From Registan by Joshua Foust A Pragmatic Extrapolation from Limited Data

Since 2006, that problem has only gotten worse. While Sherzad itself has a relatively high income (see page 3, pdf), Nangarhar as a whole has only become more violent in the years since Ms. Felbab-Brown wrote that op-ed. What we do know is the extremely erratic behavior of Nangarhar’s opium sector has contributed to economic instability in the province overall, and severe income swings (page 32, pdf). From the data on hand, it is likely that higher incomes—such as Sherzad District, where the Coalition just conducted a noteworthy eradication effort—correspond with opium production.
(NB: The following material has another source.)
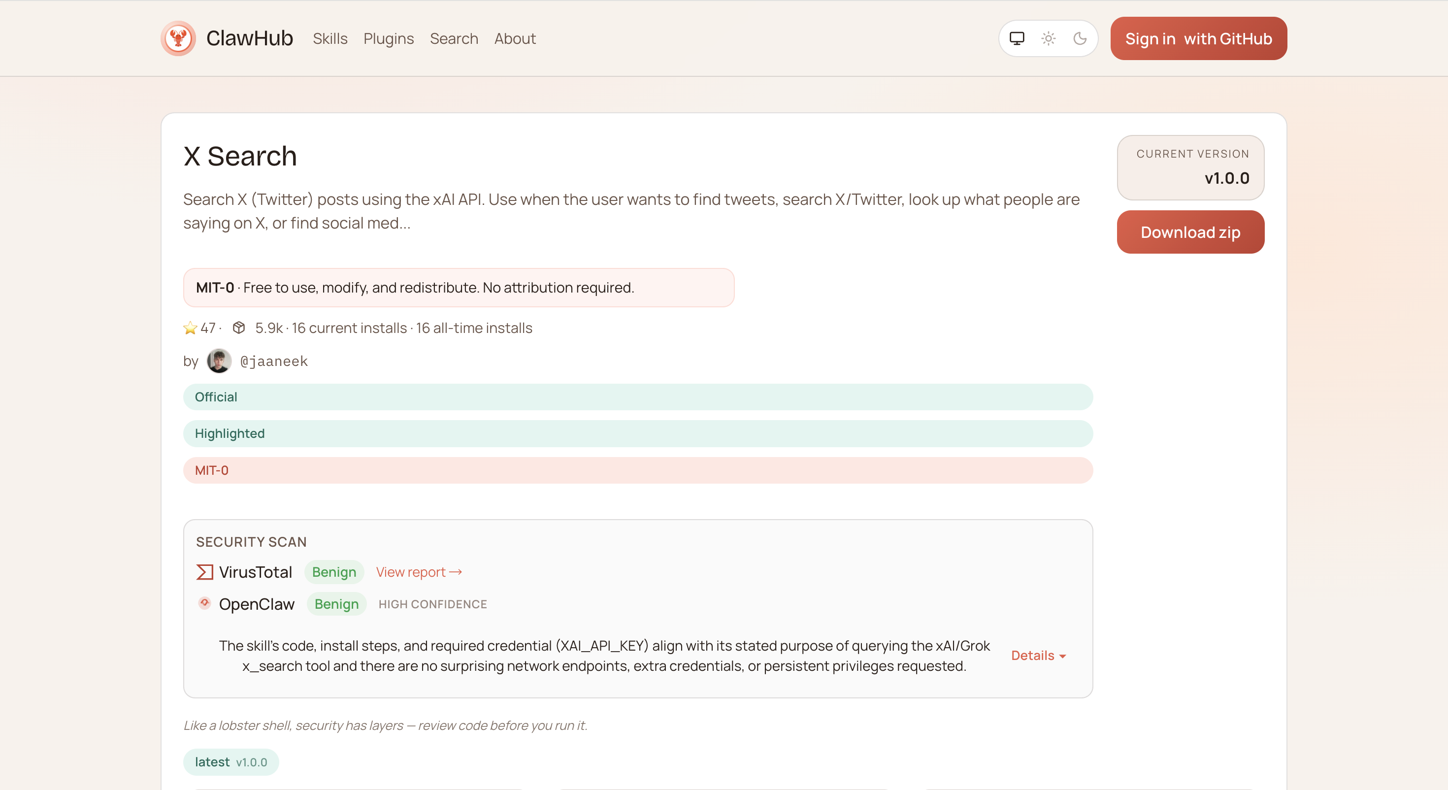 | 技能地址 | https://clawhub.ai/jaaneek/x-search |

According to the IMF, when Nangarhar province saw a huge drop in opium cultivation under Gul Agha Sherzai’s early tenure in 2005/6, province-wide GDP was about $1.3 billion (which was a big drop from the year before, when there was much more opium). The next year, 2006/7, when opium production spiked 285%, province-level GDP rose to $3.2 billion, only to fall the next year to $1.8 billion as the UNODC declared it poppy-free.

Now, none of this proves any sort of causation, and much of the analysis about current trends is based off that single data point at the start of this post. However, these are the limitations we must work with—there simply are not good, rigorous data sets about the opium market in Nangarhar. The tiny glimpses of it that we have, however, indicate that not only is Nangarhar not at all the model province some U.S. officials seem to want it to be, but that its governor, Gul Agha Sherzai, is far less effective and capable than people have given him credit for.